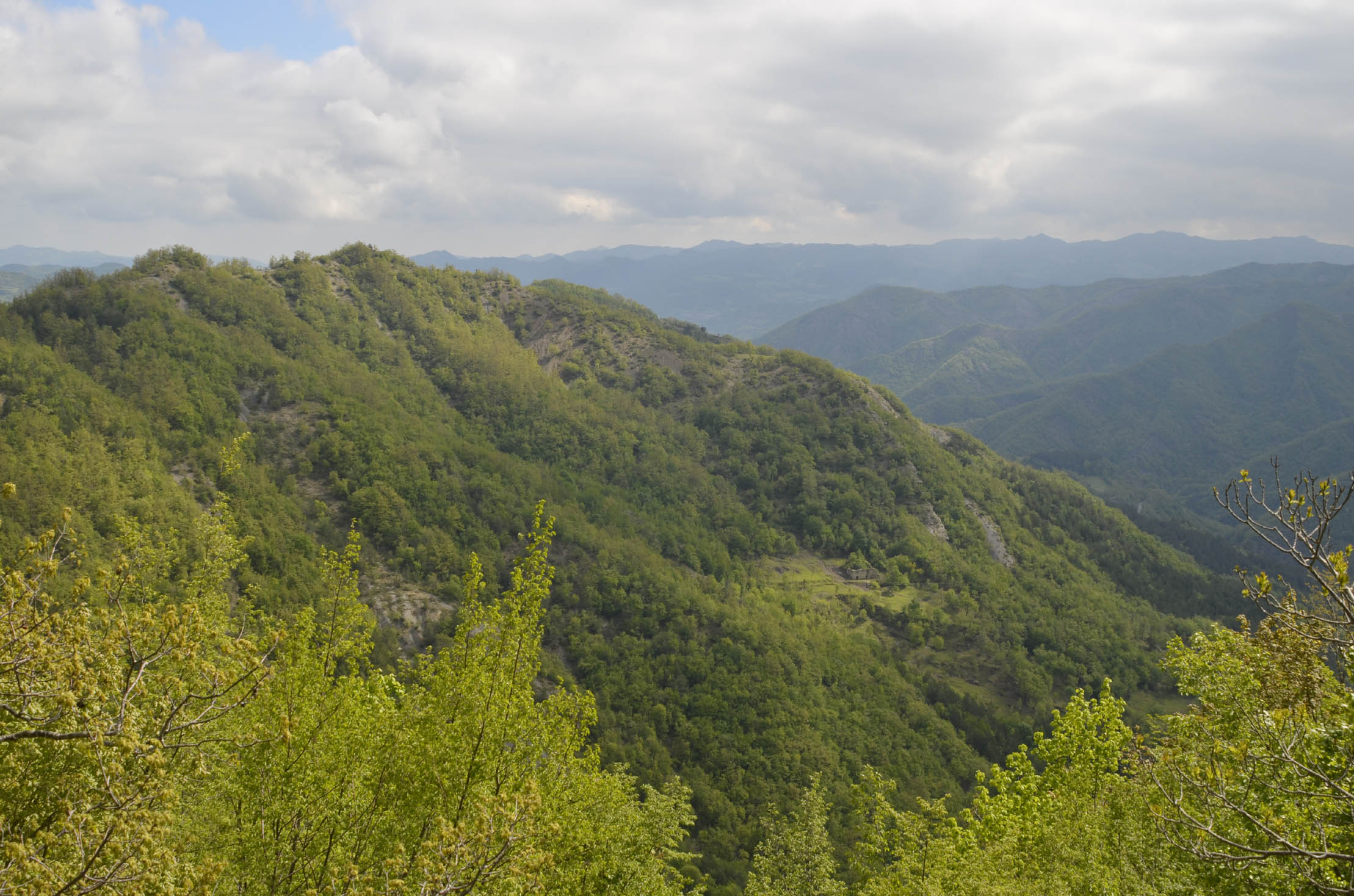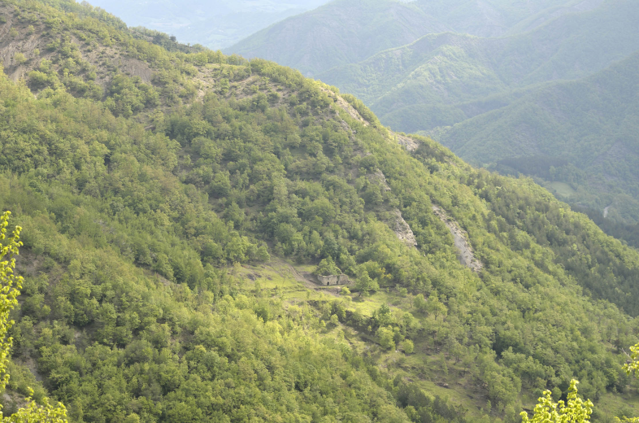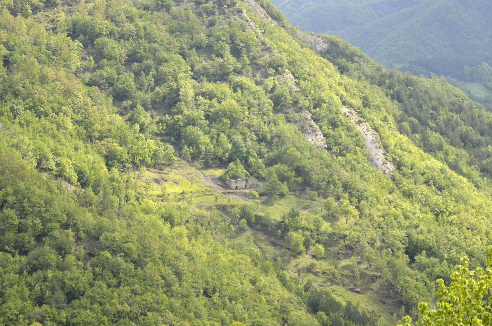 002q/002u – La valle del Fosso delle Fossatelle vista dalla strada di crinale Biserno-S. Paolo in Alpe (16/05/19).
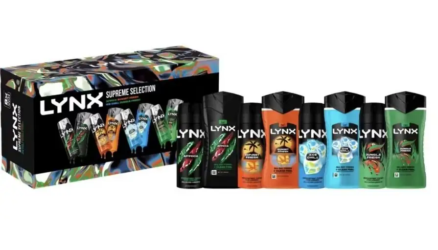LYNX Supreme Selection Gift Set includes four body washes and four body sprays in four iconic fragrances that help him kick-start his day the LYNX way.
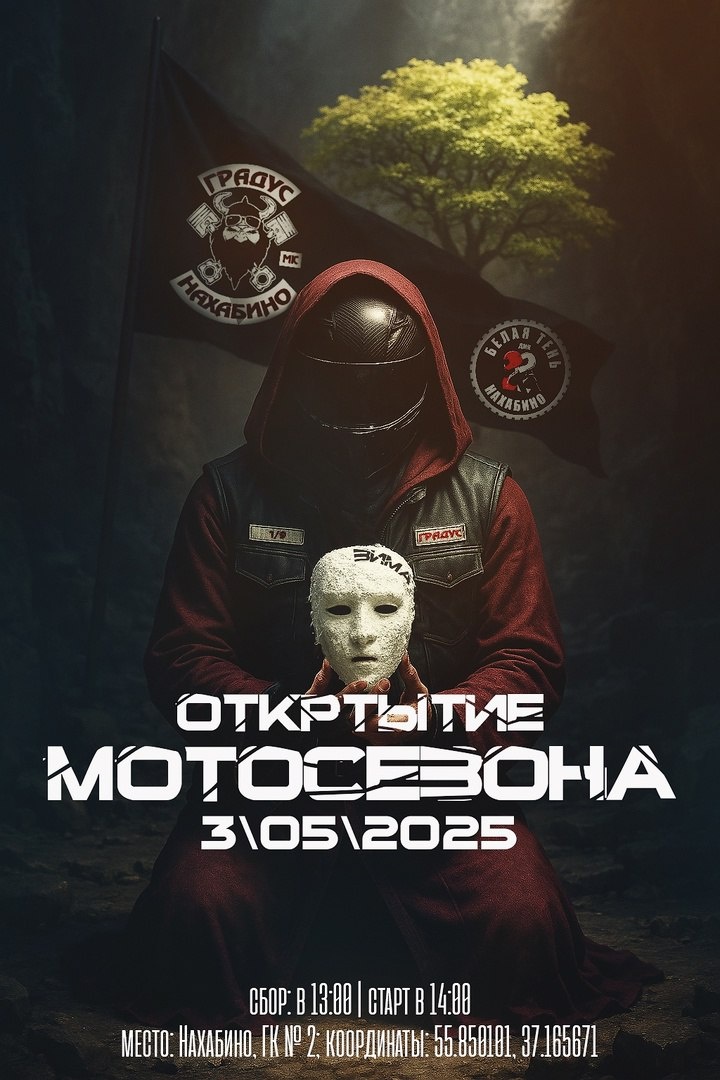 🔁 Дальняк.рф™: 🔥 ОТКРЫТИЕ МОТОСЕЗОНА 2025 🔥 📅 3 мая (суббота) 📍 Нахабино, ГК № 2 🕐 Сбор — в 13:00 | Выезд — в 14:00 📌 Координаты: 55.850101, 37.165671 Ну что, родные. Дождались. Железо снова оживает, шлемы снова в боевом, а воздух пахнет свободой и бензином. Это оно. То самое чувство, когда просыпается движ. 🏍 Открываем мотосезон вместе: Градус МК Нахабино и Белая тень ДМК Нахабино и зовём всех, кто на байке, кто рядом, кто в теме, кто соскучился по колонне, по дороге, по своим. Здесь нет чужих. Здесь свои. Огонь в глазах, километры под ногами и весна, которую мы открываем вместе. Приходи, если ты с нами - по духу, по пути или по жизни. Мы не делим людей на "байкеров" и "наблюдателей". Мы делим на своих и тех, кто ещё не доехал. 📷 Афиша уже разошлась по рукам. И ты - один из тех, кто определённо должен быть тут. ✊ Готовь байк. И душу. До встречи на старте.
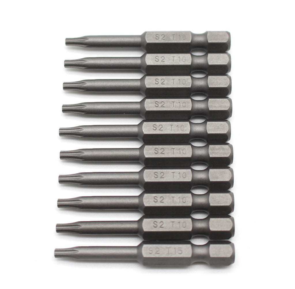 TMAX 10 Piece T10 Torx Star 6 Point Reduced Round Shaft Screwdriver Insert Bits Hex Shank Made of S2 steel for maximum durability. Bits are impact ready. Suitable for both hand tool and electric tool Bits come in plastic bag These bits have a thin, round shaft for working in tight spaces US-BASED CUSTOMER SERVICE: Available by chat, email, phone, or visit us at our customer service center in La Crosse, WI.
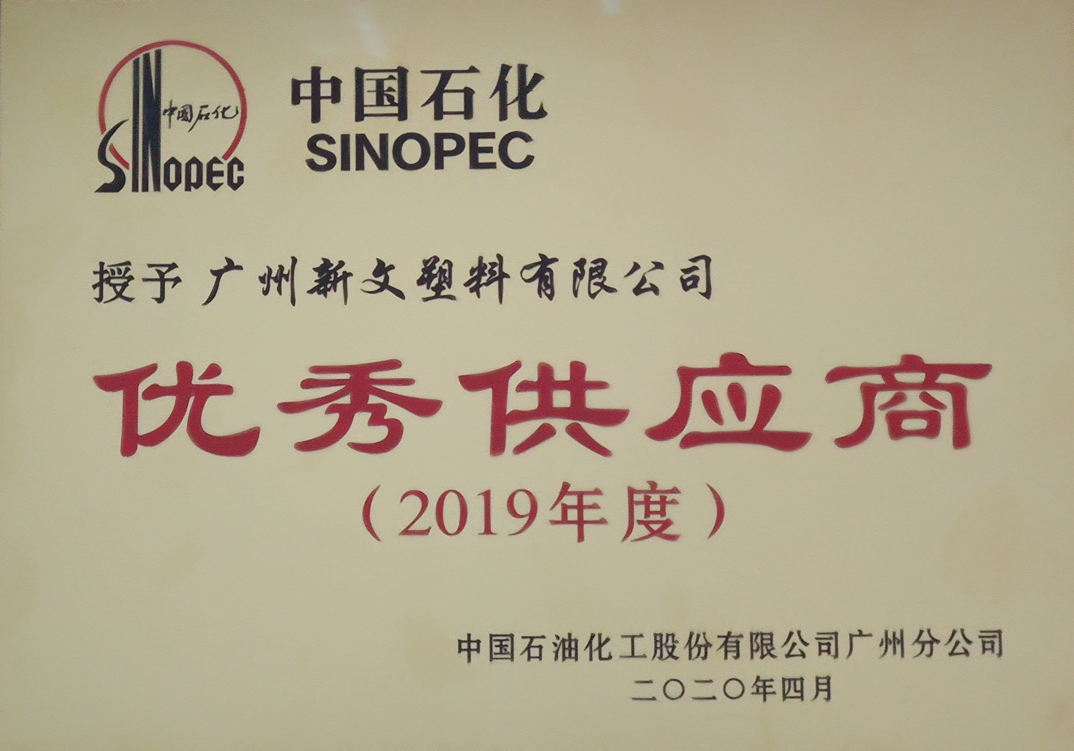 我司再次榮獲中國(guó)(guó)石化年度優(yōu)(yōu)秀供應(yīng)(yīng)商

Assignment
Keeping both end lines, retype exactly the lines from the first line of the material through the line that contains "LYNX Supreme Selection", but not the pictures.

Task solution
 002q/002u – La valle del Fosso delle Fossatelle vista dalla strada di crinale Biserno-S. Paolo in Alpe (16/05/19).
LYNX Supreme Selection Gift Set includes four body washes and four body sprays in four iconic fragrances that help him kick-start his day the LYNX way.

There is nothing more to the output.